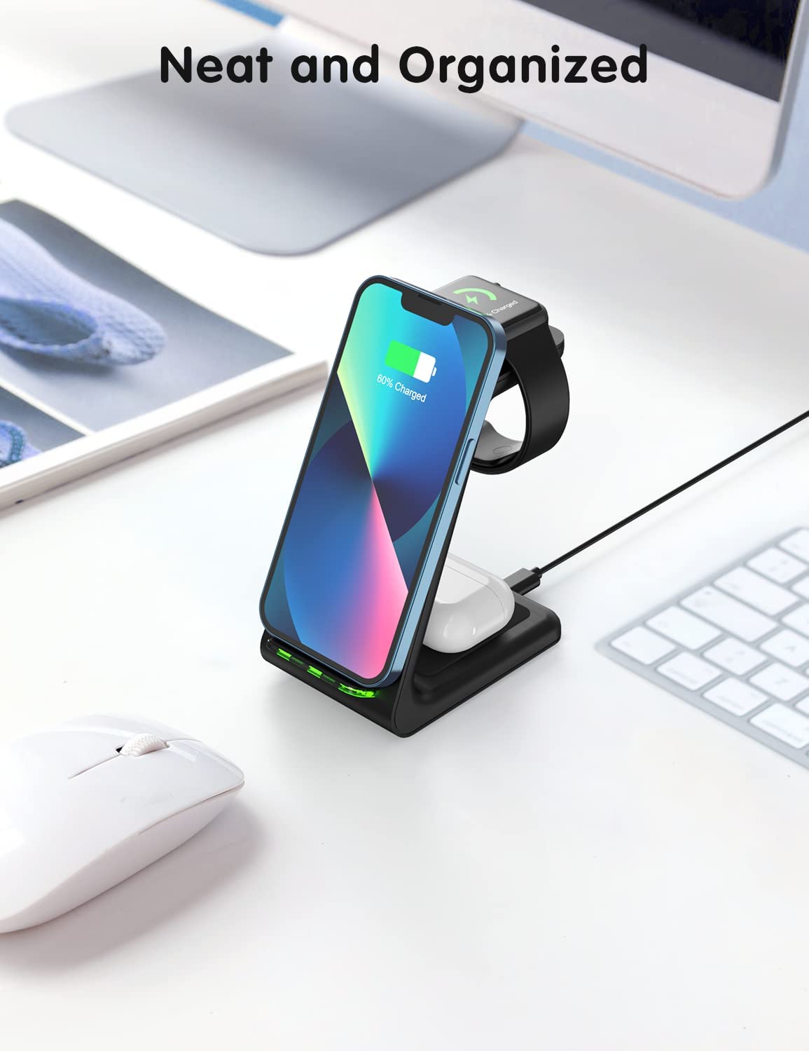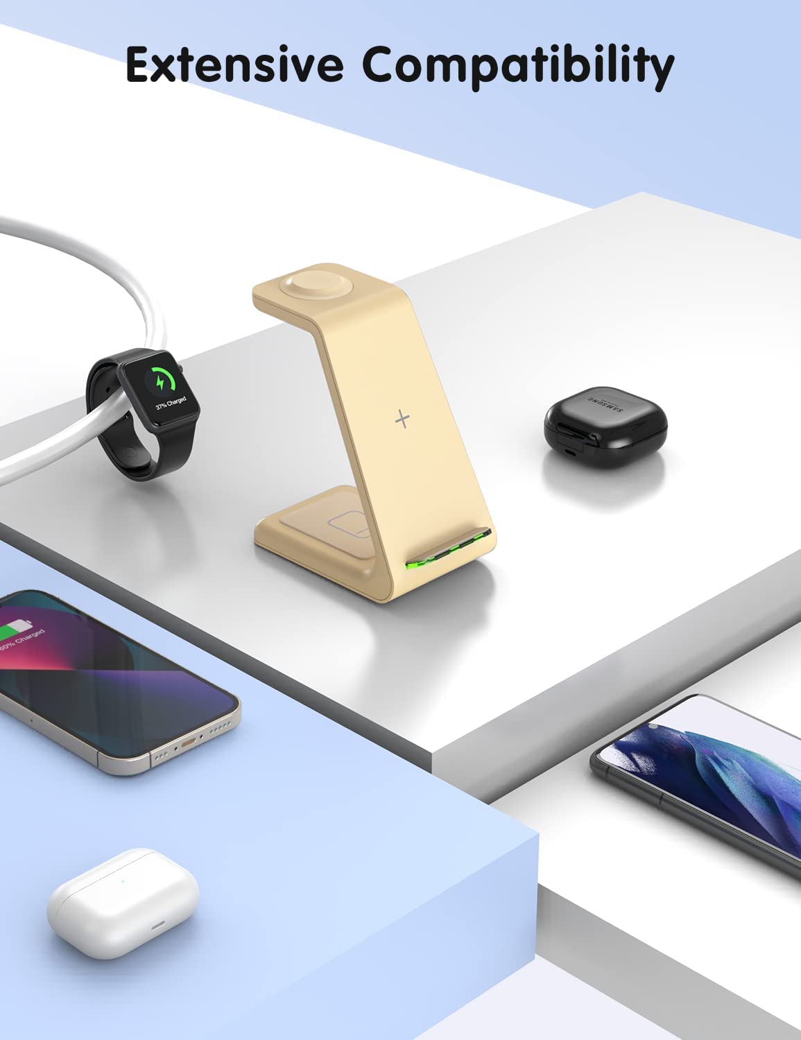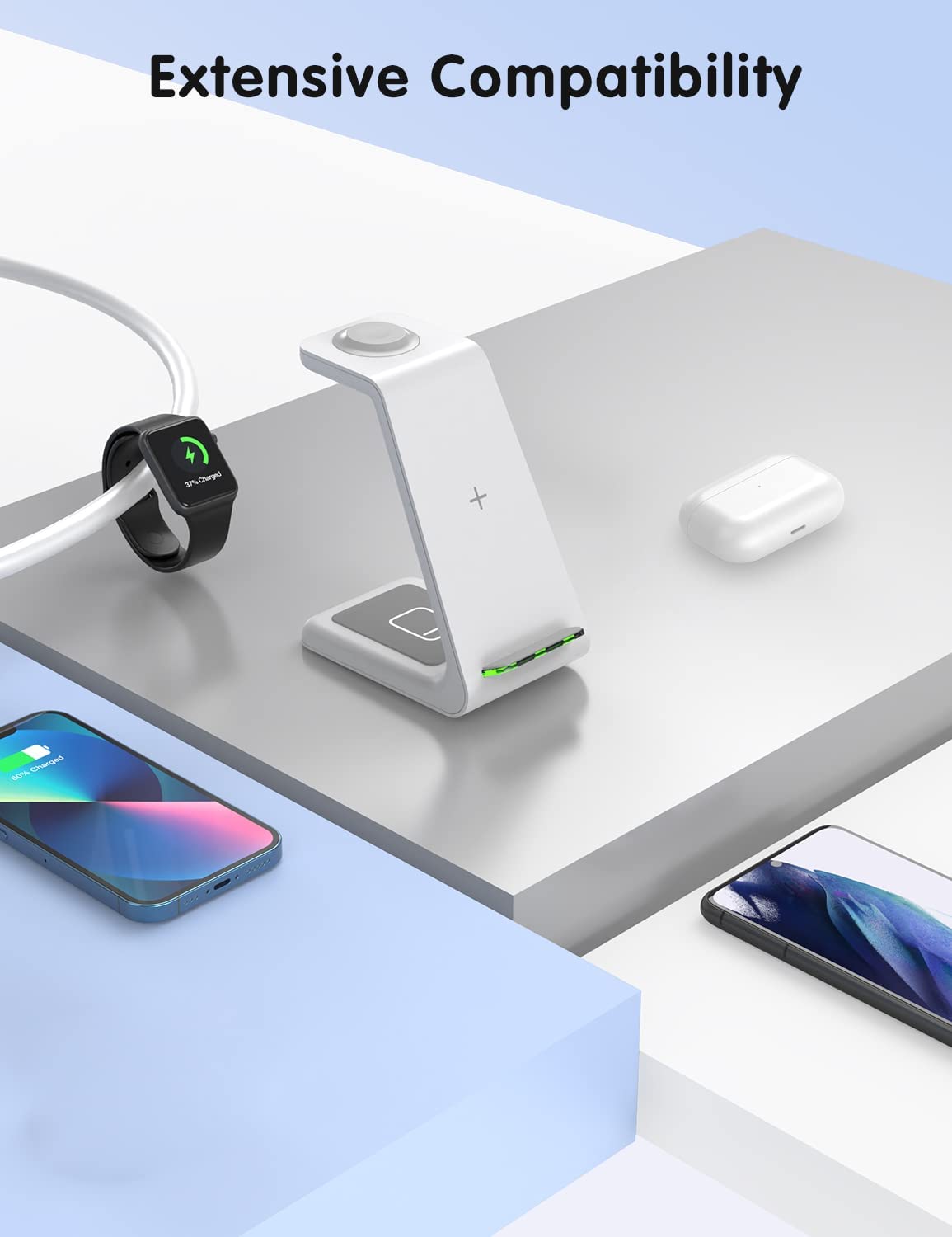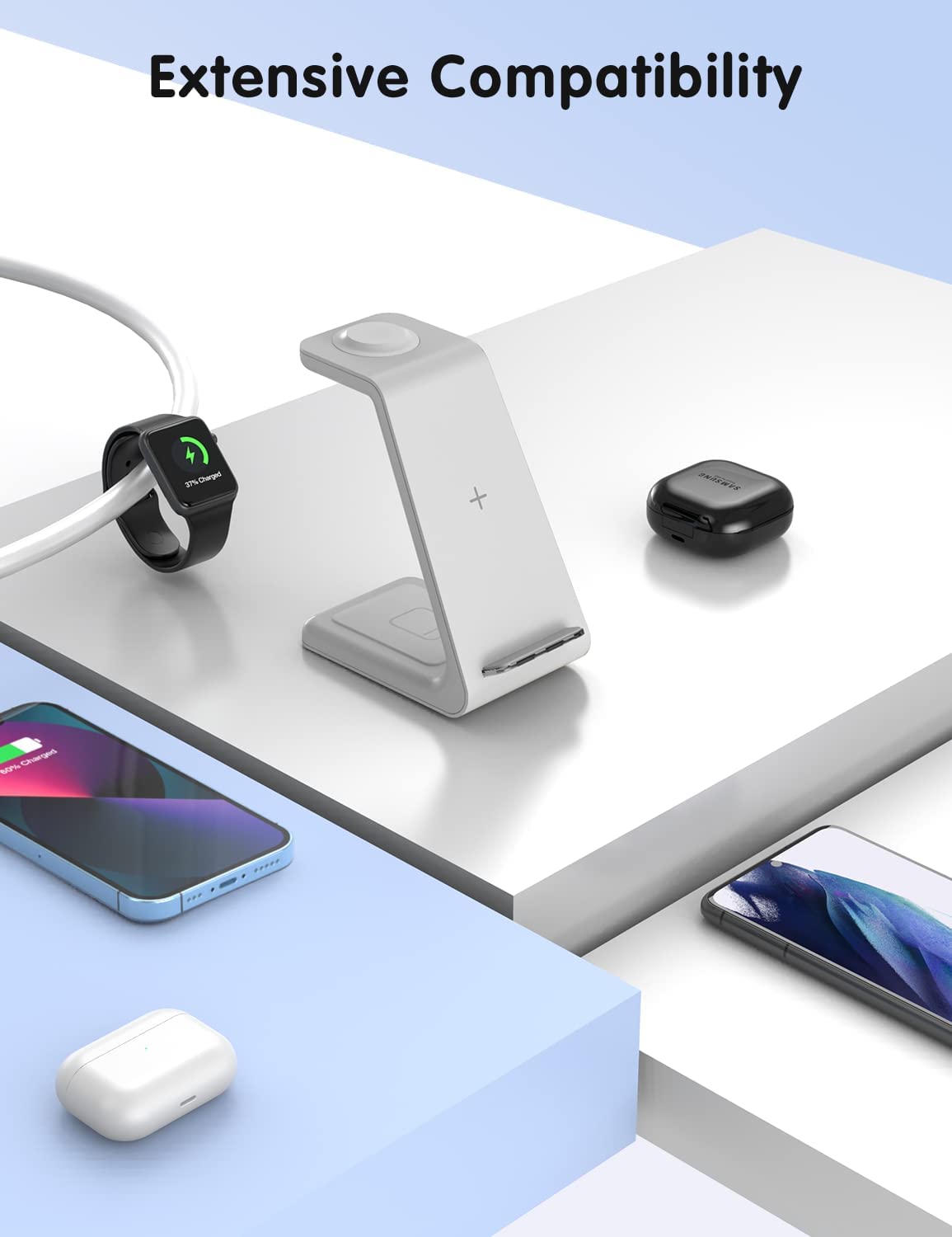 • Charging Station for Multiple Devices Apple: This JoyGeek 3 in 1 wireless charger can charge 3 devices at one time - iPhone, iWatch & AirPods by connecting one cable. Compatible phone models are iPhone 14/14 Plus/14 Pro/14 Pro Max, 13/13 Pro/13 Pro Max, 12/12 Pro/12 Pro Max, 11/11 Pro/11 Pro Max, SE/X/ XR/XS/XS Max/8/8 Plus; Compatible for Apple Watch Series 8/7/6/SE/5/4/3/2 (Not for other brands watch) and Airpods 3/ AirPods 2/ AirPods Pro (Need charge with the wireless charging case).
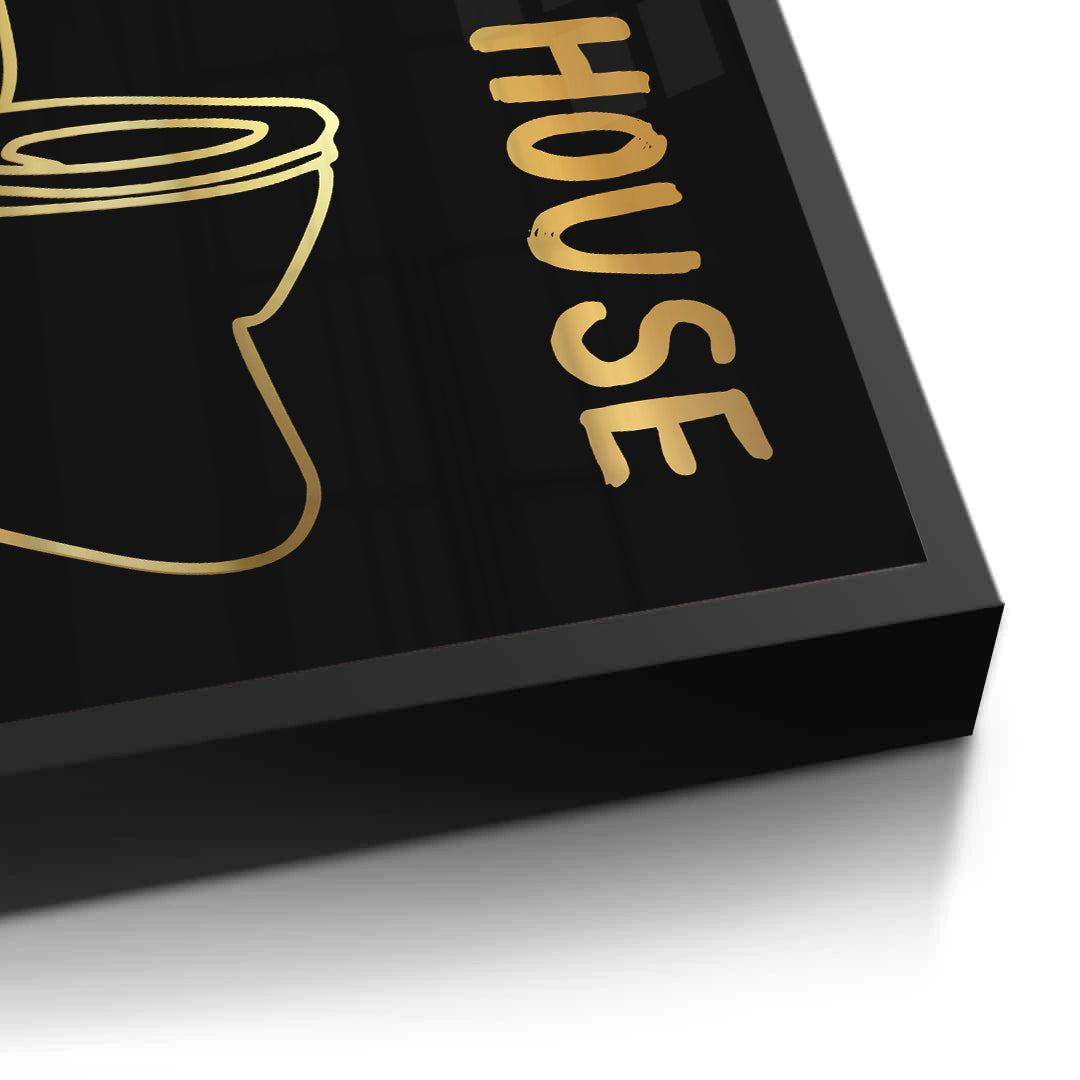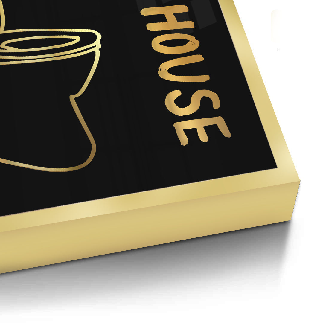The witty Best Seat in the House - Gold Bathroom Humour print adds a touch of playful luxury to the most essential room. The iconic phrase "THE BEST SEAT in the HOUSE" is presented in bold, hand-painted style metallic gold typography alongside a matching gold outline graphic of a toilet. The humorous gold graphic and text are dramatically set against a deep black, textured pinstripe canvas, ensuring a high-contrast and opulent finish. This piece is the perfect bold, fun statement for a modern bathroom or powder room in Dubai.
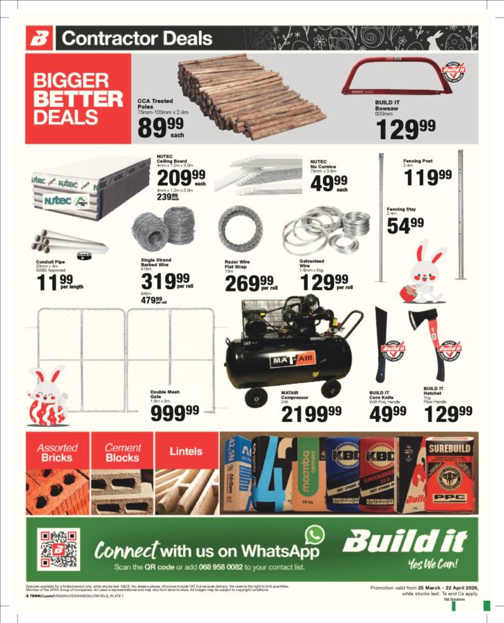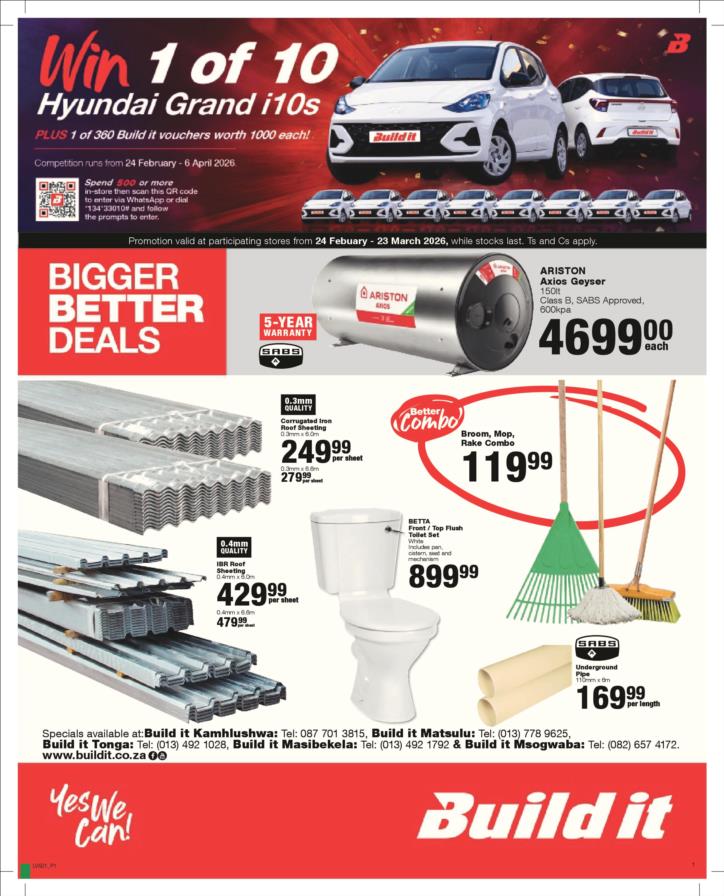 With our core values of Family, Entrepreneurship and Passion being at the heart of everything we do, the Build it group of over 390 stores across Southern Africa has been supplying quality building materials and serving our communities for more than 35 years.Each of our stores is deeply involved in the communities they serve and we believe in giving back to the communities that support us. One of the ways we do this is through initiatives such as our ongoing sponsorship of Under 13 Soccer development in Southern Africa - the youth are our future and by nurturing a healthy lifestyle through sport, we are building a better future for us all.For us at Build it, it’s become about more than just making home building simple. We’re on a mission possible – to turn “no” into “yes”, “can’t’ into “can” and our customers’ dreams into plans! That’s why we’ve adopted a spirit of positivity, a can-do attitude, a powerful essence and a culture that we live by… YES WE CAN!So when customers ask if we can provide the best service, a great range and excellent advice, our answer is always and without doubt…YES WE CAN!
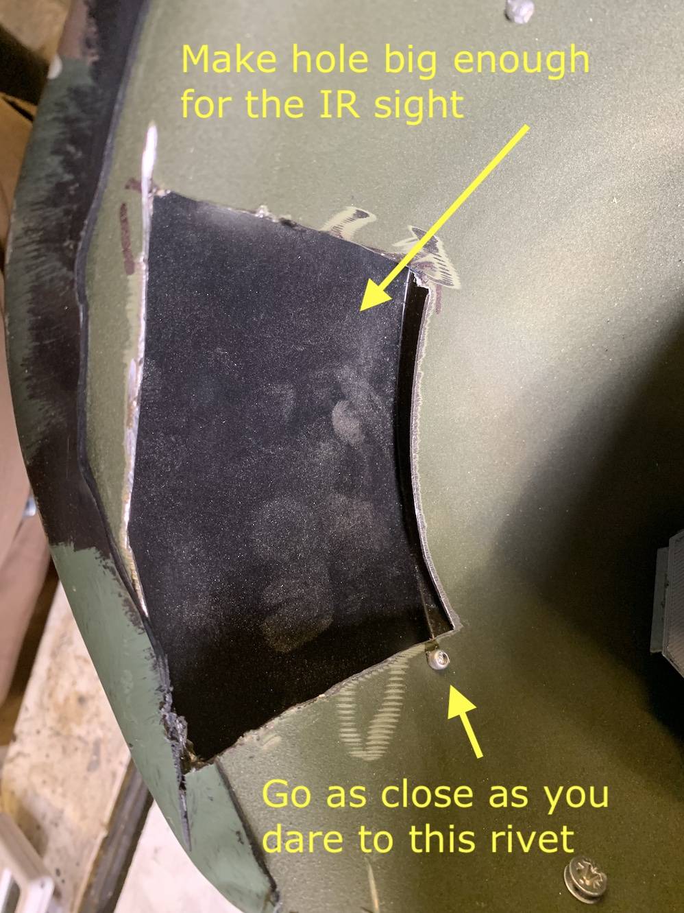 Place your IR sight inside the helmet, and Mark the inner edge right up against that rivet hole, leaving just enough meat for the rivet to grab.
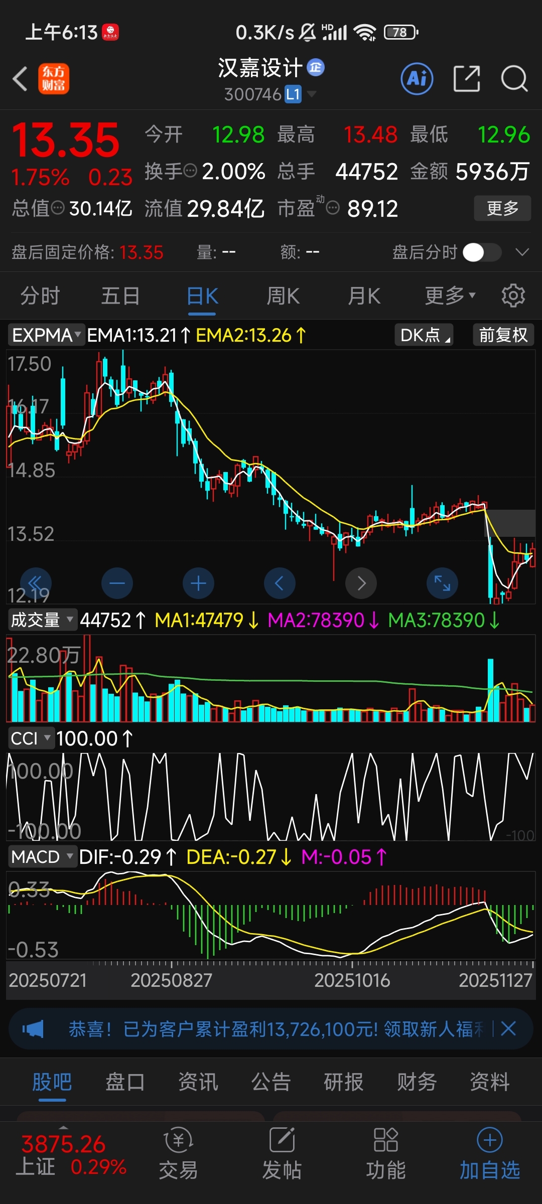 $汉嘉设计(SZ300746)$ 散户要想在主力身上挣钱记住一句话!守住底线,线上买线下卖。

#### [Try it]
Each line from the one holding "Place your IR" to the end of the records above must be copied exactly; the pictures must not be copied.

#### [Reply]
 Place your IR sight inside the helmet, and Mark the inner edge right up against that rivet hole, leaving just enough meat for the rivet to grab.
 $汉嘉设计(SZ300746)$ 散户要想在主力身上挣钱记住一句话!守住底线,线上买线下卖。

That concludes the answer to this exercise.